6 Summary and prospect

In this study, we presented a novel metaheuristic approach named RBMO, drawing inspiration from the cooperative hunting behavior of red-billed blue magpies. The algorithm incorporates effective search and attack strategies, exhibiting remarkable performance across various optimization suites. Extensive testing was conducted using both CEC2014 and CEC2017 suites, accompanied by comprehensive qualitative, quantitative, and scalability analyses. Furthermore, we applied statistical methods to validate the effectiveness and robustness of RBMO. The application of RBMO to engineering problems and UAV path planning demonstrated its versatility and superiority when compared to 11 statE − of-thE − art algorithms. Our experiments conclusively established RBMO’s dominance over MELGWO, E_WOA, HPHHO, COA, DBO, BWO, OMA, EBOwithCMAR, LSHADE_cnEpSin, MadDE, and EA4eig.

In future research, there are still numerous areas to be explored. We intend to conduct in-depth research on RBMO from the following perspectives:

  1. (1)

    Population Initialization and Border Control: Extensively studying the algorithm’s population initialization and border control strategy will enhance the algorithm’s exploration and development capabilities.

  2. (2)

    Integration with Other Algorithms: Integrating RBMO with other metaheuristic algorithms, leveraging the strengths of each algorithm, will further enhance the accuracy and robustness of problem-solving.

  3. (3)

    Adaptive and Self-Learning Algorithm: Incorporating machine learning and deep learning technologies will reinforce RBMO’s adaptive and self-learning capabilities. This will enable RBMO to adapt to changes in different problem scenarios and environments.
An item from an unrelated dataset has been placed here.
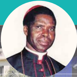
The Servant of God, Maurice Cardinal Otunga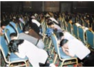
Everyone at their own personal altar

“After Penang bridge, go straight...take the corner where Kah Motor is—turn right—City Bayview Hotel is just next door. Congratulations!!! You are there!” With these excellent directions plus a map of an alternative route, the 551 campers had no difficulty locating our “camp site”. There was an air of anticipation of what the Lord would do as we had been encouraged to set our personal goals prior to our arrival in Penang. There was also an eagerness to try out the famed culinary delights for which this northern state is famous!

It allows RBMO to learn from data, adjust parameters and strategies autonomously, and improve the effectiveness and adaptability of problem-solving.

  4. (4)

    Multi-objective and Constraint Optimization: As real-world problems become increasingly complex, multi-objective and constraint optimization become more important. In future research, we will enhance RBMO’s ability to handle multi-objective problems, providing more comprehensive solutions to optimization challenges.

  5. (5)

    Expanded Application Fields: Metaheuristic algorithms were designed to solve real-life problems. Therefore, we will further expand RBMO’s application fields to make it applicable to a wider range of fields. This includes human-computer cooperation, fault diagnosis, drone path planning, wireless sensor networks, cloud computing, and 3D reconstruction, among others.